Height and width. A forum based on 640x480 is a death nail. They almost always fail (long involved reasons for that, but the main one is larger screen users reject 640 forums outright. One look and they are gone). Combine that with the noise factor of Vbulletin, and it encourages excessively low quality postings. What I know works for width is using a percentage width around the main table of 90 to 95%.
Part of making pages easier to read is having extreme visual separations between different messages, and also between the message and the post details. Right now, I can't immediately tell where a posters name is and where their message is at. After 5 visits, I'll see it just fine. You don't need to worry about a users 5th visit. You want to impress them on their very first. This isn't site building - this is forum building.
Quoting.
Disable it. It's a forum killer. Few forums that enable that style of quoting grow. Those user that use the feature tend to like it. Those that don't use it -- find it excessively annoying.
Graphics,
The fewer the better. The ones that you do use, should scream "purpose" without having to see what they mean. Right now, the two "read/unread" graphics are so visually alike, they are mostly useless.

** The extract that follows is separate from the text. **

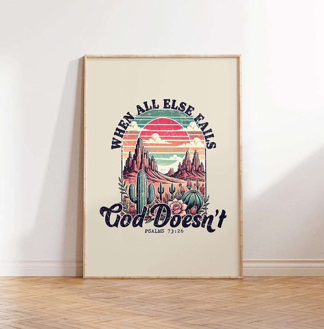 Psalms 73:26 Print, Christian Wall Art, Retro Christian Poster ...

Anyway, I could write a book on the subject, but I've probably lost everyone by now any way. More if you want it...
<added> follow up post : [webmasterworld.com...] </added>
I should start by echoing people everywhere by saying that the knowledge and experience that you share on these forums has helped me greatly to find success in my website endeavors. Thank you!
This post on forums has given me some good information on proper forum design, but what about promotion? In my mind (and maybe I'm wrong), the toughest part of starting a forum is to get it off the ground. No one will be likely to post if there are only a handful of posts already in there. So, my goal right now is to get a few hundred posts in the system.
Let me give you a little background -- I write hardware articles on my website, and I know them to be a hit with my visitors. When I publish my articles on other websites with well-established forums, they stimulate some great discussions. The same articles on my site stimulate zero discussion. My linking is good, I believe the forum to be straight forward...I assume the problem is simply that I do not yet have enough of a collection of posts for new people to feel comfortable posting their thoughts. How can I get past this "no activity" wall?